# glucose vs. light corn syrop



## yfr (Dec 26, 2001)

can I replace light corn syrup with glucose in recipes with the 

same amount or I have to adjust it.
Where can I find glucose in Maryland
thanks in advance


----------



## momoreg (Mar 4, 2000)

Glucose is more viscous than corn syrup, so certain recipes will be substantially different if you use corn syrup instead. Try Albert Uster Imports for glucose.

http://www.auiswiss.com


----------



## w.debord (Mar 6, 2001)

I thought I read in The Cake Bible.....the thing is corn syrup has h2o in it, unlike straight glucose. I thought it was about 1 T per c. ....that would throw off any sensitive recipe. And a recipe calliing for glucose is probably a non-sensitive recipe. 


But if you made something like a flavoring syrup or then it's not a problem. I assume you follow....it depends upon the item being made.

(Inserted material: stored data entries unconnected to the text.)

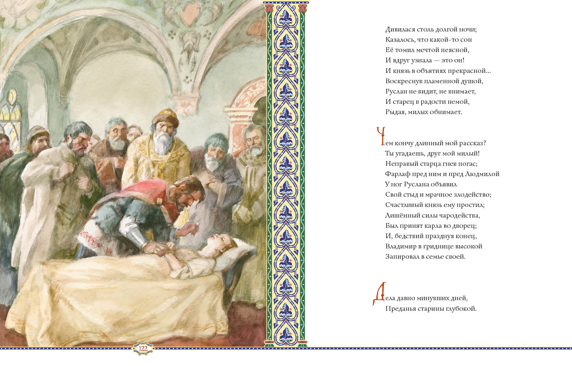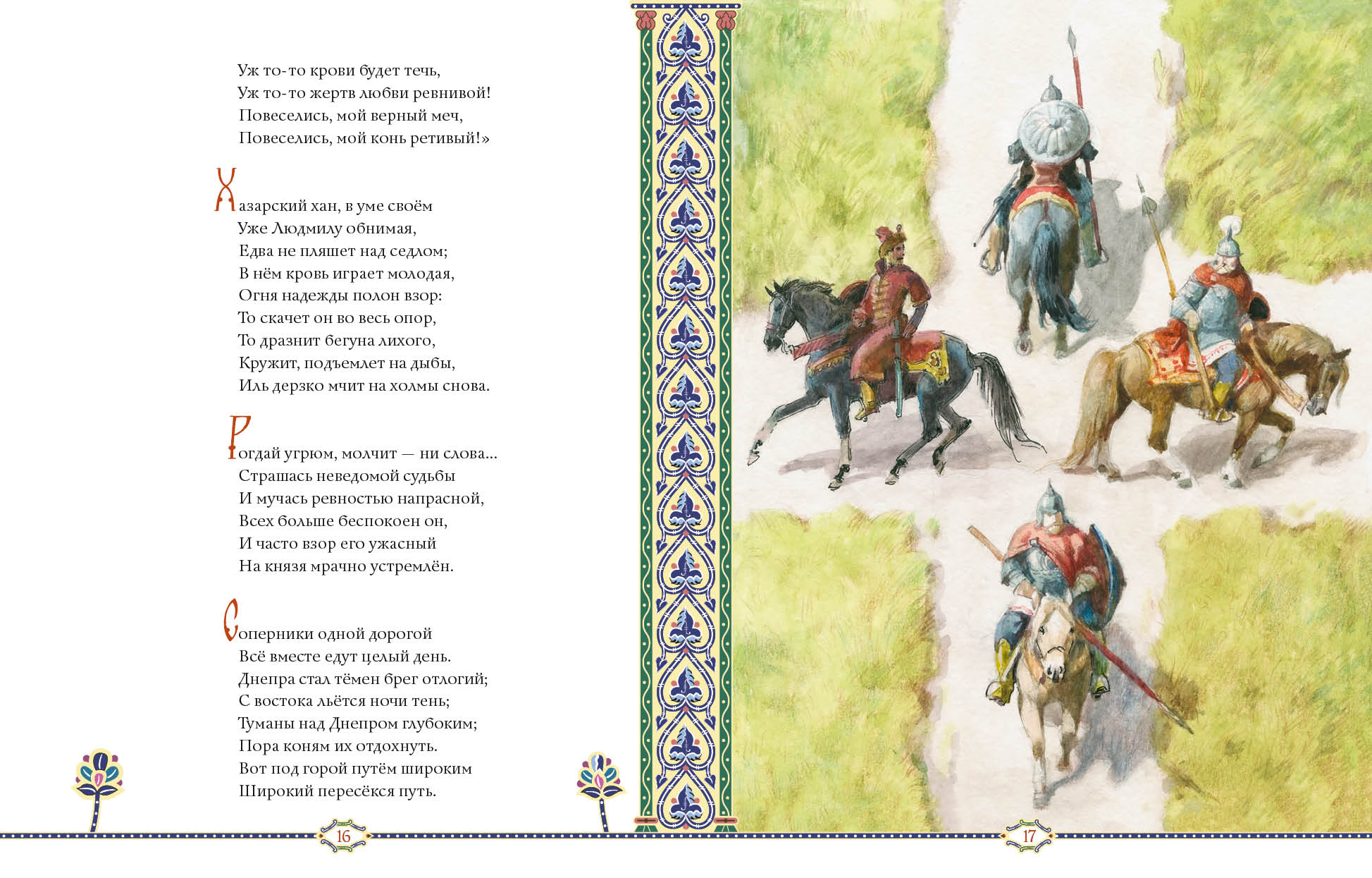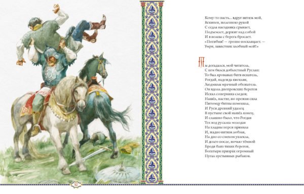 В этом произведении переплетаются героический эпос и лирические зарисовки, фольклорные мотивы и авторская ирония, складываясь в неповторимый многоцветный узор, а чарующая музыка пушкинских стихов завораживает читателя с первых строк. «Дела давно минувших дней, преданья старины глубокой» оживают в иллюстрациях художника Анатолия Зиновьевича Иткина.
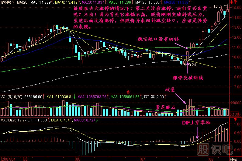 小結(jié):漲停板是多頭氣勢極其強(qiáng)盛的表現(xiàn),一個(gè)股票從沒出現(xiàn)過漲停板的話,說明該股的主力太窩囊,也或者力量不夠,甚或就沒有主力。
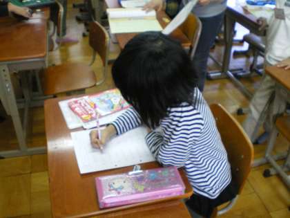 早速,一人ひとり,所定の場所から作業プリントを取ってきて,取り組んでいました。

In what recipe do you wish to make this substitution?


----------



## w.debord (Mar 6, 2001)

oops, I should have proof read myself.

Should be, "And a recipe calling for glucose is probably a senstive recipe".


----------



## yfr (Dec 26, 2001)

Thamks W.DeBord
I want to replace it in a Spanish recipe for a kind of a halva or nougat. I will try it but I think anyhow I"ll buy glucose.


----------



## m brown (May 29, 1999)

you can reduce corn syrup if you are in a real bind by 20%. 
simply simmer to cook out the water. careful not to color the syrup!


----------